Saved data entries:
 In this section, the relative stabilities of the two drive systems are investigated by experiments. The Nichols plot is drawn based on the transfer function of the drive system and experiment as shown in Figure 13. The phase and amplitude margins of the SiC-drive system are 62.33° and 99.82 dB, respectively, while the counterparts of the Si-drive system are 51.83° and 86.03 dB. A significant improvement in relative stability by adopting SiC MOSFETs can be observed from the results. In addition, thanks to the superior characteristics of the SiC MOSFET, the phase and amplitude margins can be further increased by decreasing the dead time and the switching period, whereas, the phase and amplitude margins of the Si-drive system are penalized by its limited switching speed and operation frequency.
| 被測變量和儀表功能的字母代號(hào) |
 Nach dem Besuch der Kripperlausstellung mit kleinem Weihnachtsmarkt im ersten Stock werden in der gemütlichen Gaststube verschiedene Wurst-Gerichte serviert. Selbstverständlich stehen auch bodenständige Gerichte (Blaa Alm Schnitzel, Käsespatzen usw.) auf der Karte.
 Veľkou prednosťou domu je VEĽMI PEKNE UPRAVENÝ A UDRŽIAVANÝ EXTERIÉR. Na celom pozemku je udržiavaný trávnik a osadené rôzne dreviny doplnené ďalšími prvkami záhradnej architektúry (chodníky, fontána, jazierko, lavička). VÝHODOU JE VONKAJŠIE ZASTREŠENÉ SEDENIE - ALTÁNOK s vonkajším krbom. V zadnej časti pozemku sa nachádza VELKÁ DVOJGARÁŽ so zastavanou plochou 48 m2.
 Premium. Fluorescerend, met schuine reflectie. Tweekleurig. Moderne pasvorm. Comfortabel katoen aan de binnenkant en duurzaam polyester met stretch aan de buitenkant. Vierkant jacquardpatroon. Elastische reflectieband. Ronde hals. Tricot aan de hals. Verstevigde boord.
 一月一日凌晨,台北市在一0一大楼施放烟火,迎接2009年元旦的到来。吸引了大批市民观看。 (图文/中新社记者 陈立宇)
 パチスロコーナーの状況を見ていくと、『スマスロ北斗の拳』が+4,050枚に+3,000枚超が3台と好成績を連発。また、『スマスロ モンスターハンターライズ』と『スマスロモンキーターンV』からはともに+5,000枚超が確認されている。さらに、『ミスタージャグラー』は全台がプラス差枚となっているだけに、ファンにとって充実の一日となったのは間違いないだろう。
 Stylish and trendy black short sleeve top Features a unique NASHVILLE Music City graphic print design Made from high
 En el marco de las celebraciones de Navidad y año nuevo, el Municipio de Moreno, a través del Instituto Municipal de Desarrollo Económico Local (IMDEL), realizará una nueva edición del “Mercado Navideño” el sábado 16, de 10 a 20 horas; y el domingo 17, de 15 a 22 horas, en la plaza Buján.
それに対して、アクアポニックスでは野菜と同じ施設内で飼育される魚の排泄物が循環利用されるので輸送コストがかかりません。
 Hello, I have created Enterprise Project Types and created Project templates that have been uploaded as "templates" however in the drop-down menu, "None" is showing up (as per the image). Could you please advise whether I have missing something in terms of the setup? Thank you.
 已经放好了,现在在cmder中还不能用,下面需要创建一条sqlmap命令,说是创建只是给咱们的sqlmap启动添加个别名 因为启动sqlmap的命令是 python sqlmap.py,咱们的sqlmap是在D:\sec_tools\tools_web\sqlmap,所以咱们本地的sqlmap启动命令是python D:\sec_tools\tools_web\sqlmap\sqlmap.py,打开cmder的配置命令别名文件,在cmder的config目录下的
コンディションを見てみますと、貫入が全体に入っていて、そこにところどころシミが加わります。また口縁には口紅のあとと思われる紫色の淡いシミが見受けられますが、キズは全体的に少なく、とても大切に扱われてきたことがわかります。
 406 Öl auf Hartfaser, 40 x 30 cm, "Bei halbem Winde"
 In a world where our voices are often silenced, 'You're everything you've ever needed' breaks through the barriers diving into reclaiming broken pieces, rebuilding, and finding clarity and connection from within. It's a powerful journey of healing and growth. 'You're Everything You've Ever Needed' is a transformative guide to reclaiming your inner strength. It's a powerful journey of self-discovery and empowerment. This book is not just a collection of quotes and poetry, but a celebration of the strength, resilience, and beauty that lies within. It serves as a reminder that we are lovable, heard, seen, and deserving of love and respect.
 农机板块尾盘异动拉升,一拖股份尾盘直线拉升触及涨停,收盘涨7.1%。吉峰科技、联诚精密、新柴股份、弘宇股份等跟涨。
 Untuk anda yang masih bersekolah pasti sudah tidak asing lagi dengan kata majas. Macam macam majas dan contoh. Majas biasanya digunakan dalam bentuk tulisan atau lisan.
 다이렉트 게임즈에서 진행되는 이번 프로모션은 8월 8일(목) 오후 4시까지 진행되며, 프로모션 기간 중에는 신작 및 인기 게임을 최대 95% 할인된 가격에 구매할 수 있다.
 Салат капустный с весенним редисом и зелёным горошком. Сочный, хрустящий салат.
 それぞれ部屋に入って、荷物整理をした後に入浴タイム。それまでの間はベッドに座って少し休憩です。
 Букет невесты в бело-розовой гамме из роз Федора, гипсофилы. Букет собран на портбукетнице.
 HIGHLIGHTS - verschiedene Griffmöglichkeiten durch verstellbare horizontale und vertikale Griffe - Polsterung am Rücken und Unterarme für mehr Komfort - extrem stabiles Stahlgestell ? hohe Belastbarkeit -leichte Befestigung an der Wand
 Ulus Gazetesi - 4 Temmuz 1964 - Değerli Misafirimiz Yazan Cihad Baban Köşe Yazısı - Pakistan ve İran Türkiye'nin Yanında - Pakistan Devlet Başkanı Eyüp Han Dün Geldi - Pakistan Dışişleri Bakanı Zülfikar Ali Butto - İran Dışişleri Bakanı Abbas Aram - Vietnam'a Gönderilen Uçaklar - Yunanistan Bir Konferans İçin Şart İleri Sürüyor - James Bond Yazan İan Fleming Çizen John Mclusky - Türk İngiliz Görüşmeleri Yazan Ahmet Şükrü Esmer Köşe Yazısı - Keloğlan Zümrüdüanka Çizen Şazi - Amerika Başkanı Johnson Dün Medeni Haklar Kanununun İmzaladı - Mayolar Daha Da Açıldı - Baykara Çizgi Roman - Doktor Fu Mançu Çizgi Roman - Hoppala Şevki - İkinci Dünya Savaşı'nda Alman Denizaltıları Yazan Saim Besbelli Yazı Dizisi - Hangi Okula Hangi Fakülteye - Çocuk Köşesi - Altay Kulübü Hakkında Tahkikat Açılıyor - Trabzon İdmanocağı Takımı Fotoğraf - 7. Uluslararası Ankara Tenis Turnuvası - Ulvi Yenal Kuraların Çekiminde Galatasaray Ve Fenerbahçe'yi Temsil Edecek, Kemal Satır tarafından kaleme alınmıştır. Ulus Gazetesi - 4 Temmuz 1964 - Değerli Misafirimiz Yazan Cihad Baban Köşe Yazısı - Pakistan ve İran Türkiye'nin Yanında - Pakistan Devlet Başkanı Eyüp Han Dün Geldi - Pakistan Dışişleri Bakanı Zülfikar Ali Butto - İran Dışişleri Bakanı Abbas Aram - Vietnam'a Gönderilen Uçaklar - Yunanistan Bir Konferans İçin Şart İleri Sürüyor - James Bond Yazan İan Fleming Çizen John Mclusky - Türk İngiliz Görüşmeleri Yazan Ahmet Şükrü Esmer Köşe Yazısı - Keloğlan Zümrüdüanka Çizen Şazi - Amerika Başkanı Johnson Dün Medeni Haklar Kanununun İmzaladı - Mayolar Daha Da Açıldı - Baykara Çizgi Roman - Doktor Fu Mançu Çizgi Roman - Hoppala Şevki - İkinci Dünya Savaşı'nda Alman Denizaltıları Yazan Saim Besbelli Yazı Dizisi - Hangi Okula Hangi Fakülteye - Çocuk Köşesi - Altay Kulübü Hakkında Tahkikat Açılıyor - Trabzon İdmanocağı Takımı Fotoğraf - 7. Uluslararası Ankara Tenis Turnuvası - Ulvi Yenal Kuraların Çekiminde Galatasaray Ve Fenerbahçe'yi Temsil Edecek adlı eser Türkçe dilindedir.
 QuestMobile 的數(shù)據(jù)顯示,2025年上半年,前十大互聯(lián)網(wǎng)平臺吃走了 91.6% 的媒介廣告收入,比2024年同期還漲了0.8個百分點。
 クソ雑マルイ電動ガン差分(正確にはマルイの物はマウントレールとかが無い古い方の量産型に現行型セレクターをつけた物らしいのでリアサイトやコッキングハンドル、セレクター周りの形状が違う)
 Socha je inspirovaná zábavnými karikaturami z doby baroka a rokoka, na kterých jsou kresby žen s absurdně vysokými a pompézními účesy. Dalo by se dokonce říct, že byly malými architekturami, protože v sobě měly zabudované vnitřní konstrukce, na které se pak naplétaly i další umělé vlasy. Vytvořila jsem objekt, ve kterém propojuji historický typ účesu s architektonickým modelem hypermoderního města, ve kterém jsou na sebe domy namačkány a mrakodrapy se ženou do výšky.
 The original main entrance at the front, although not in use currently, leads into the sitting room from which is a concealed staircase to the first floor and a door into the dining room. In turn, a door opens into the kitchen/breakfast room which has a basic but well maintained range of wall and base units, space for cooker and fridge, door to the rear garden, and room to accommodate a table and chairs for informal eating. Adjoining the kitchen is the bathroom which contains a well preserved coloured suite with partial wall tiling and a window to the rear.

REQUIRED WORK:
Up to and including the line with "Nach dem Besuch", repeat the data exactly, starting from its first line; nothing else belongs in the response.

YOUR RESPONSE:
 In this section, the relative stabilities of the two drive systems are investigated by experiments. The Nichols plot is drawn based on the transfer function of the drive system and experiment as shown in Figure 13. The phase and amplitude margins of the SiC-drive system are 62.33° and 99.82 dB, respectively, while the counterparts of the Si-drive system are 51.83° and 86.03 dB. A significant improvement in relative stability by adopting SiC MOSFETs can be observed from the results. In addition, thanks to the superior characteristics of the SiC MOSFET, the phase and amplitude margins can be further increased by decreasing the dead time and the switching period, whereas, the phase and amplitude margins of the Si-drive system are penalized by its limited switching speed and operation frequency.
| 被測變量和儀表功能的字母代號(hào) |
 Nach dem Besuch der Kripperlausstellung mit kleinem Weihnachtsmarkt im ersten Stock werden in der gemütlichen Gaststube verschiedene Wurst-Gerichte serviert. Selbstverständlich stehen auch bodenständige Gerichte (Blaa Alm Schnitzel, Käsespatzen usw.) auf der Karte.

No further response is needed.